一方、ビュッフェを訪れ軽食を購入した乗客は、多くの場合はその場で喫食していました。もちろん、自分の座席へ持ち帰って、ゆったりと座って飲食を楽しむこともできましたが、その場で食する人もいたことでしょう。国鉄の長距離列車に連結されていた多くの半室簡易食堂車であるビュッフェでは、椅子に座ることのない立ち食い形式が採られていました。そのため、ビュッフェで提供される軽食は、うどんや蕎麦といった麺類や、サンドイッチ、カレーライスなど調理の手間がかからず、立席でも喫食できるものでした。
しかし、東海道新幹線は在来線とは比べものにならない速さで運転され、食堂車の連結基準ともいえる6時間を切ったとはいえ、1両も食堂車が連結されていないことから、在来線とは異なりビュッフェにもいくつかの椅子が用意されていました。
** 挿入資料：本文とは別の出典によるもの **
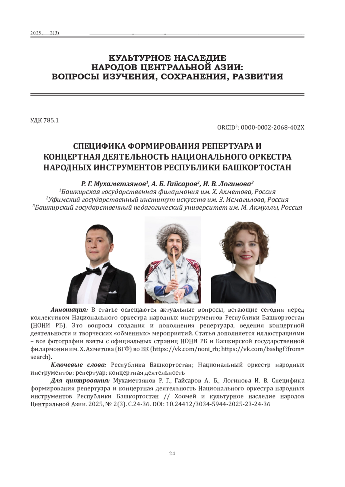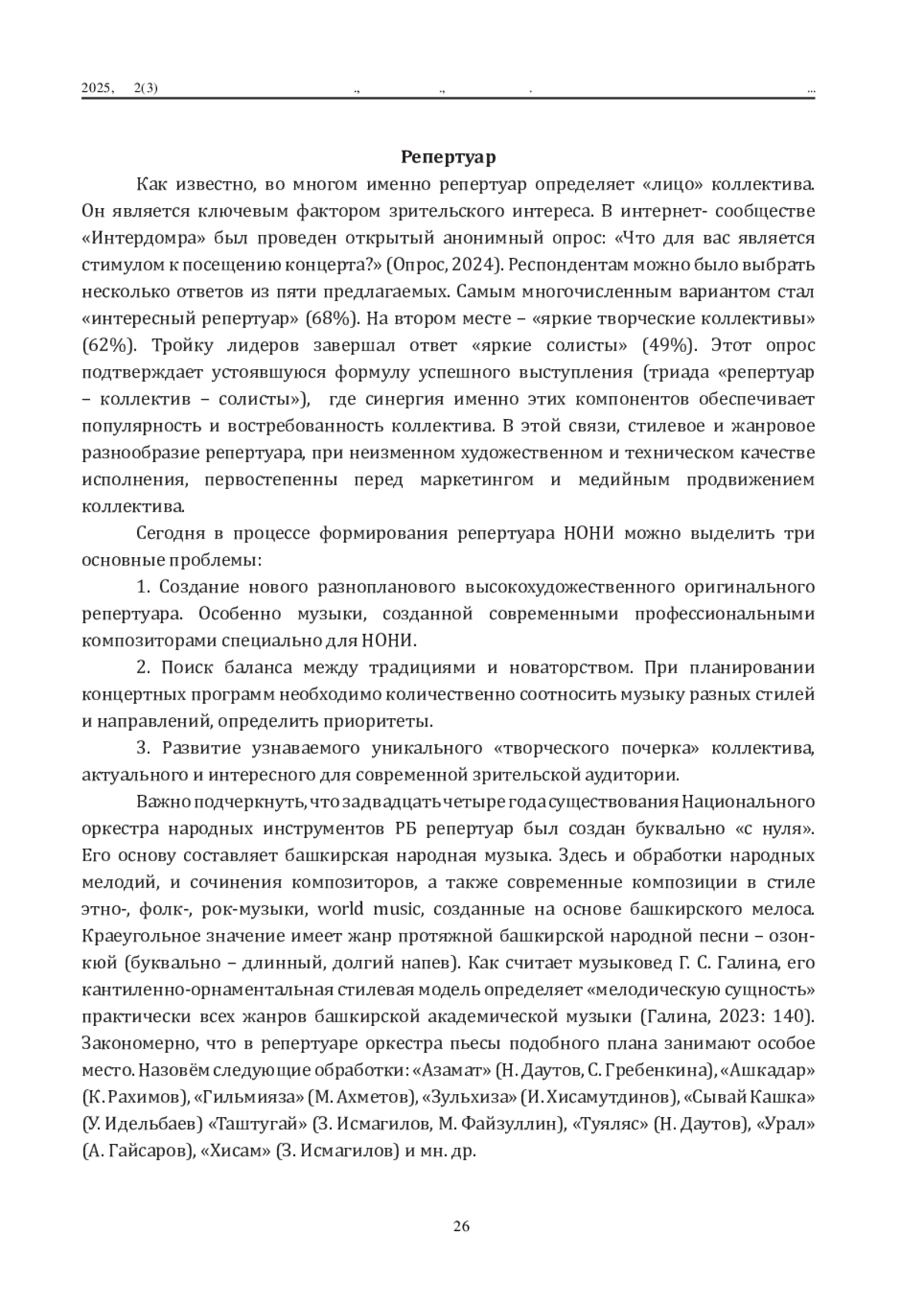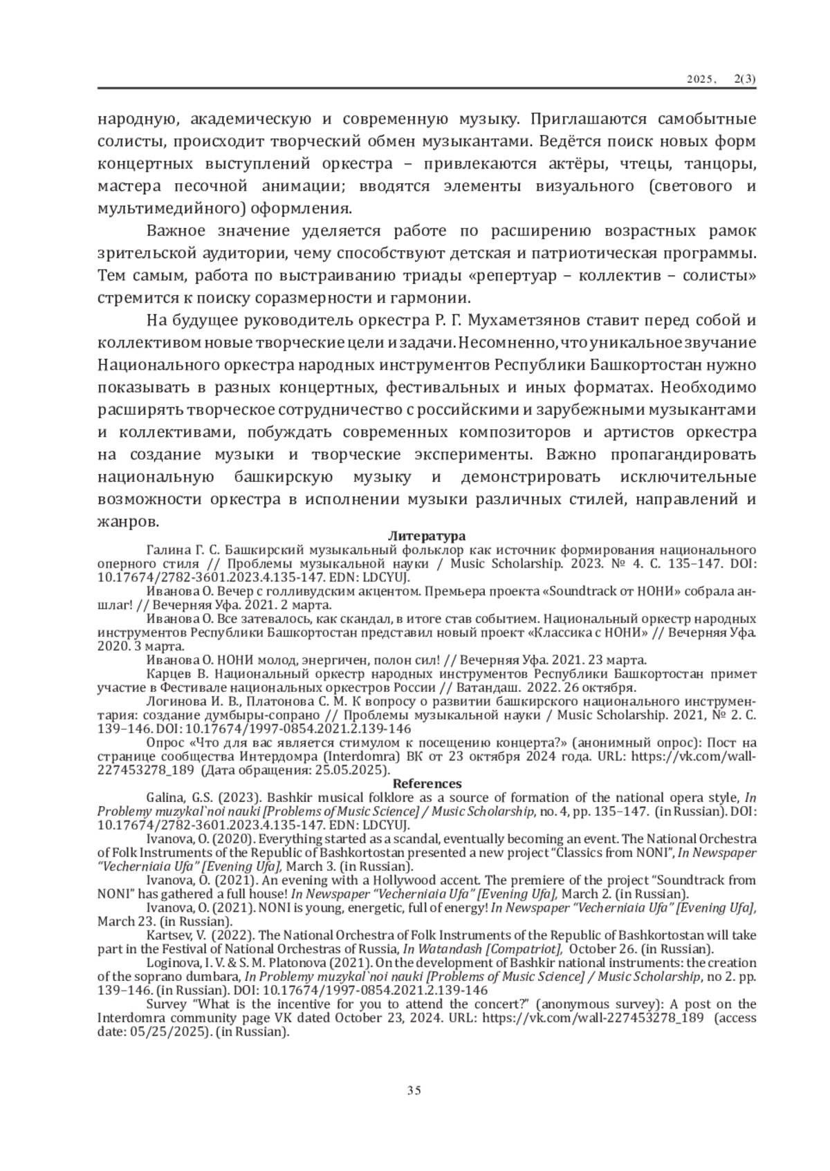 1. Галина Г. С. Башкирский музыкальный фольклор как источник формирования национального оперного стиля // Проблемы музыкальной науки / Music Scholarship. 2023. № 4. С. 135-147. DOI: 10.17674/2782-3601.2023.4.135-147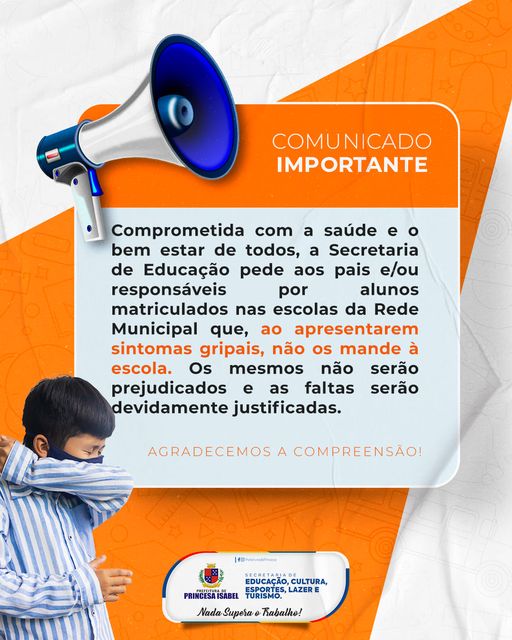 A nossa missão é cuidar e preservar a saúde de todos. Então, diante dessa preocupação, pedimos que seu seu filho apresentar algum sintoma gripal durante a semana, não o mande à escola. É importante também ficar sempre atento ao grupo da turma no whatsapp, pois os professores estarão repassando as informações sobre as atividades do dia por lá, para que ninguém atrase o conteúdo e se prejudique.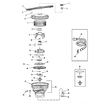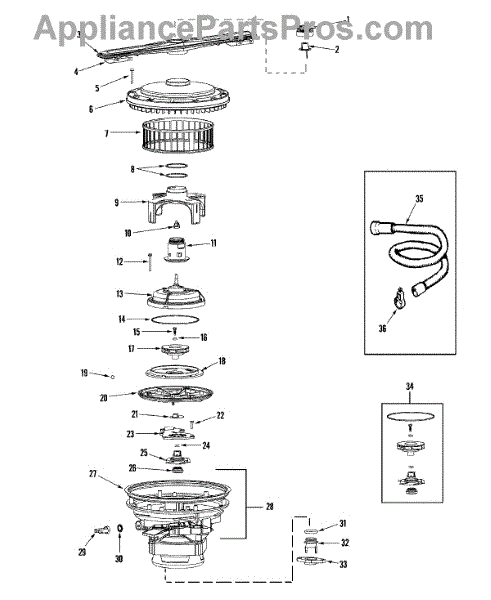 This dishwasher impeller assembly mounts on the circulation pump and pressurizes wash water for the spray arms. Replacing a worn or damaged impeller restores proper spray pressure, cleaning performance, and quieter operation.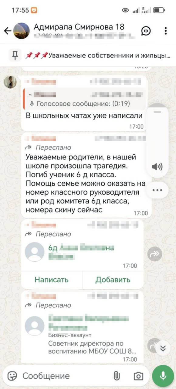 Вместе с тем, в социальных сетях распространяются недостоверные сведения о гибели ребёнка. Пользователи публикуют скриншоты сообщений из школьных чатов, где ведутся сборы денежных средств для родственников якобы умершего школьника.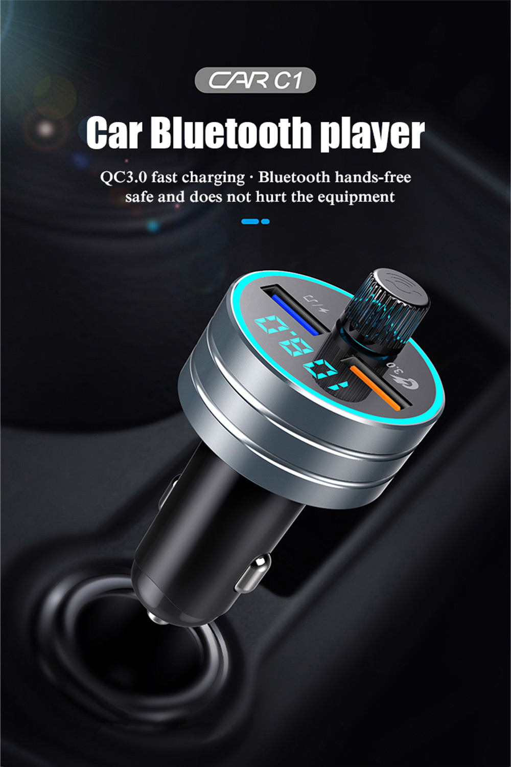QC 3.0 Dual USB Fast Car Charger with Bluetooth Mp3 Player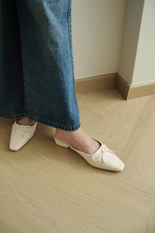 Marissa Bow Flat Mules (Cream White)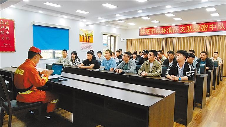 圖為林芝市森林消防支隊波密中隊的消防員為護林員普及緊急避險和自救常識。記者 旦增蘭澤 通訊員 李國燾 攝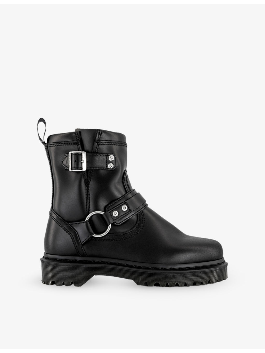 PRODUCT DETAILS - Dr. Martens leather ankle boots - 100% leather - Closed round toe, ankle length, branded pull-loop to back, buckled strap at shaft, strap and harness to front, silver-toned hardware - Specialist leather clean - Upper: 100% leather - Lining: 100% leather; 100% fabric - Sole: 100% PVC Ref: R04520996

35形のビュッフェ室は、カウンターとは反対側の山側に、乗客が購入した軽食類を置くことができるテーブルが備えられていました。このテーブルは山側窓下にレール方向に長くとられ、その前には13個の丸椅子が固定されていました。本格的な食堂車ほど座席が多くないので、あまり長居されてしまうと回転率が悪くなると考えたのか、はたまた「簡易」な食堂という考えだったのかはわかりませんが、食堂車と比べるとテーブルは高い位置にありました。そのため、山側のビュッフェ室のまどは、座席室の窓より高い位置に設けられ、これもまた35形の外観上の大きな特徴でした。
いずれにしても、このカウンター席にちょっとした食事を置いて、窓から流れ行く光景を眺めながら、場所によっては美しい富士山を見ながら食事ができるというのは、新幹線を利用する人にとって大きな楽しみの一つだったかも知れません。